* Task description: Your answer should be the exact lines of the data below from the one containing "- Contenu de" through the one containing "First Day Cover"; please include nothing else.

* Source material:
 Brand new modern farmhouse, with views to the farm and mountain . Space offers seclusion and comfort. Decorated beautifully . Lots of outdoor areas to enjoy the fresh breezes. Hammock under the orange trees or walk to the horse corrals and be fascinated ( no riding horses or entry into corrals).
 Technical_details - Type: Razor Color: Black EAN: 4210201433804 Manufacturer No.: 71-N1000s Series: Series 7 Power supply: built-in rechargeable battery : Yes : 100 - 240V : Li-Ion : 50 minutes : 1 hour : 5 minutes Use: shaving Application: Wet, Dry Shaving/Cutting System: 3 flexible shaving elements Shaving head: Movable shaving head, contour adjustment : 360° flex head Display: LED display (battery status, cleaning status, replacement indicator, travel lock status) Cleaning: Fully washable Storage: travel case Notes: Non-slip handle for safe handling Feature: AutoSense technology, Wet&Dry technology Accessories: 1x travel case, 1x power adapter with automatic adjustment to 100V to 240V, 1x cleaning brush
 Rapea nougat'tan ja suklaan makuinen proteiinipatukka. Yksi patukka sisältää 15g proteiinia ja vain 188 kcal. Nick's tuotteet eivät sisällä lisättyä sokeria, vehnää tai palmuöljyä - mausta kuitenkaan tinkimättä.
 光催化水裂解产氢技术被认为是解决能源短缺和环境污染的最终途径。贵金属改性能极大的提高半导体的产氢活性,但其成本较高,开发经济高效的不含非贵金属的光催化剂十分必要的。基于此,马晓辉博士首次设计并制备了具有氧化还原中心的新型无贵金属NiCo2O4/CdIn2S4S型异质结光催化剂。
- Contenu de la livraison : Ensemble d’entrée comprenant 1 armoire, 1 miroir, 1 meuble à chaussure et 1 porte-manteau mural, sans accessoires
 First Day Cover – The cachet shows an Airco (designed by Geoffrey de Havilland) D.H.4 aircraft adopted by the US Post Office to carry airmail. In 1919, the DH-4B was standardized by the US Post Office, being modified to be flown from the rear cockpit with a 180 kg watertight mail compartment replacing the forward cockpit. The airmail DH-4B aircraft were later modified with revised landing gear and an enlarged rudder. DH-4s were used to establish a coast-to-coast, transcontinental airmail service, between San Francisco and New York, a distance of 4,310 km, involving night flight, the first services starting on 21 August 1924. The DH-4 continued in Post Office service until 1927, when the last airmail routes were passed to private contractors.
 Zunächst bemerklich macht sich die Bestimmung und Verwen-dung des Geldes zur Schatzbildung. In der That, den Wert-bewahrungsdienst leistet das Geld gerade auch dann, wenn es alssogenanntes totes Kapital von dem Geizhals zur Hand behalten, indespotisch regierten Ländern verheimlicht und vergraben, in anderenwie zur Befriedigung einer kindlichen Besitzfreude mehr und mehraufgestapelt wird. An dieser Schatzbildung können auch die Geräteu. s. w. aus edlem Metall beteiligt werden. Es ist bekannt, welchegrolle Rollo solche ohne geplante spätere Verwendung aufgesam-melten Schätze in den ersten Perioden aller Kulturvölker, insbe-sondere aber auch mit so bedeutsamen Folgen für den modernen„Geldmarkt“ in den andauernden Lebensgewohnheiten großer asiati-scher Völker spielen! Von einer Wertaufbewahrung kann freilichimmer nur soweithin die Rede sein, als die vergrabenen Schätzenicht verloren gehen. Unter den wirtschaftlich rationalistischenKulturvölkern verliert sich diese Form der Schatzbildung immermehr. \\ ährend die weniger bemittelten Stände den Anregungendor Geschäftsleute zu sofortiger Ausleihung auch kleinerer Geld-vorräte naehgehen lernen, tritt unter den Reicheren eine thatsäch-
...
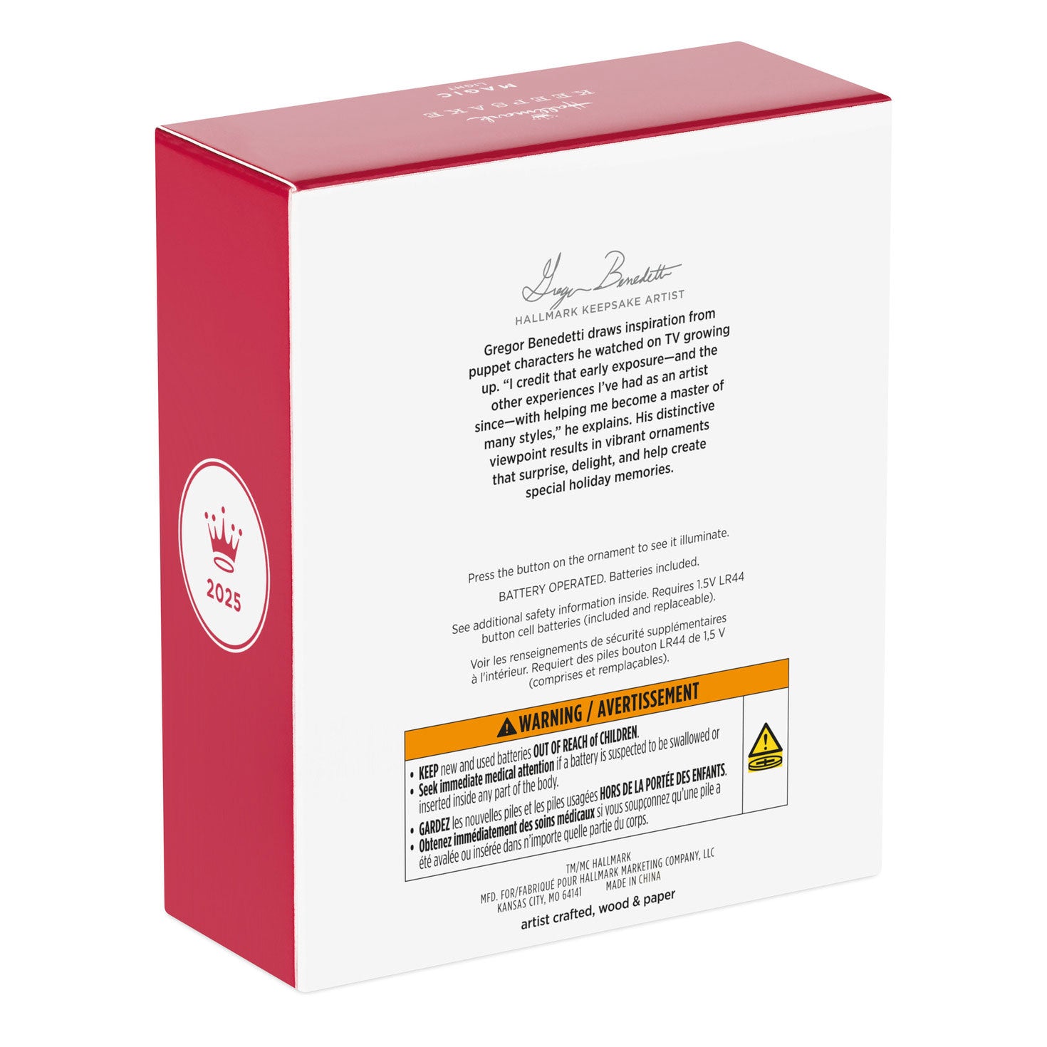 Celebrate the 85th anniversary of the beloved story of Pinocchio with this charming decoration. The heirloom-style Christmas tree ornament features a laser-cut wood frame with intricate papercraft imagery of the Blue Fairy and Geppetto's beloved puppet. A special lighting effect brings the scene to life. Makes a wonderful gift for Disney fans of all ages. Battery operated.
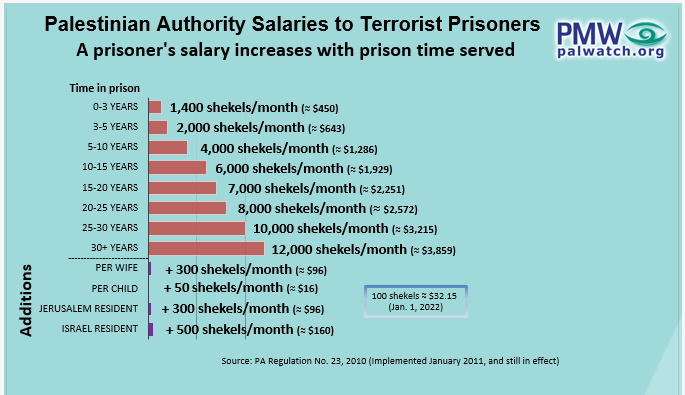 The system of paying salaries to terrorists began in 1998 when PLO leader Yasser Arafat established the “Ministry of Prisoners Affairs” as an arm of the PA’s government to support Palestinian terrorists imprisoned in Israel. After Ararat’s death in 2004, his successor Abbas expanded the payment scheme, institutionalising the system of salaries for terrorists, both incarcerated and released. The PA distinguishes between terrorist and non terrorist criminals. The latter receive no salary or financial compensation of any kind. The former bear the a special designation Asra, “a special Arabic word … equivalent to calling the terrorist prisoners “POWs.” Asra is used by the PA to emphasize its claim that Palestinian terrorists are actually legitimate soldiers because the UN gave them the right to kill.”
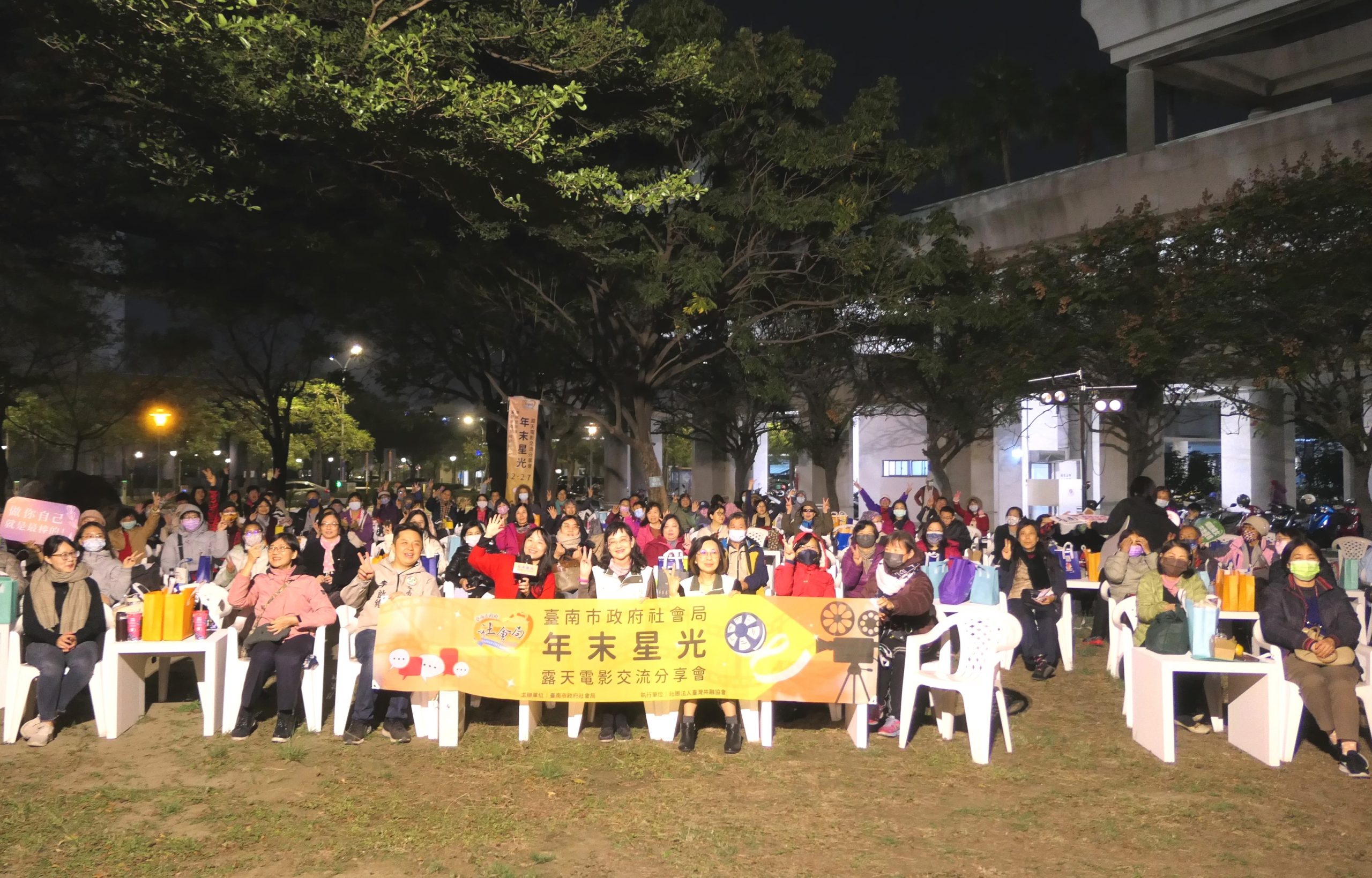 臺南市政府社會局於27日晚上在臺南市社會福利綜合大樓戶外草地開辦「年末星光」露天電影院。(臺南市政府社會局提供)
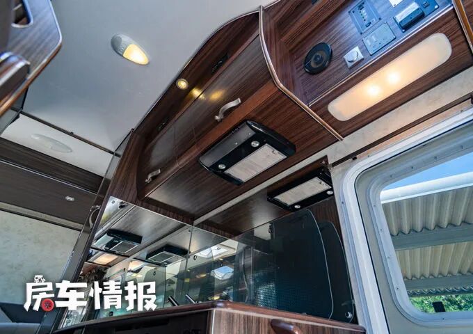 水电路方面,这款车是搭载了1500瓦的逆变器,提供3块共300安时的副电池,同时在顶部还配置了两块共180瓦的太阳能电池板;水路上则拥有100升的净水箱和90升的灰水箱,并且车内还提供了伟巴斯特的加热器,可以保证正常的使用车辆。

* Output for this task:
- Contenu de la livraison : Ensemble d’entrée comprenant 1 armoire, 1 miroir, 1 meuble à chaussure et 1 porte-manteau mural, sans accessoires
 First Day Cover – The cachet shows an Airco (designed by Geoffrey de Havilland) D.H.4 aircraft adopted by the US Post Office to carry airmail. In 1919, the DH-4B was standardized by the US Post Office, being modified to be flown from the rear cockpit with a 180 kg watertight mail compartment replacing the forward cockpit. The airmail DH-4B aircraft were later modified with revised landing gear and an enlarged rudder. DH-4s were used to establish a coast-to-coast, transcontinental airmail service, between San Francisco and New York, a distance of 4,310 km, involving night flight, the first services starting on 21 August 1924. The DH-4 continued in Post Office service until 1927, when the last airmail routes were passed to private contractors.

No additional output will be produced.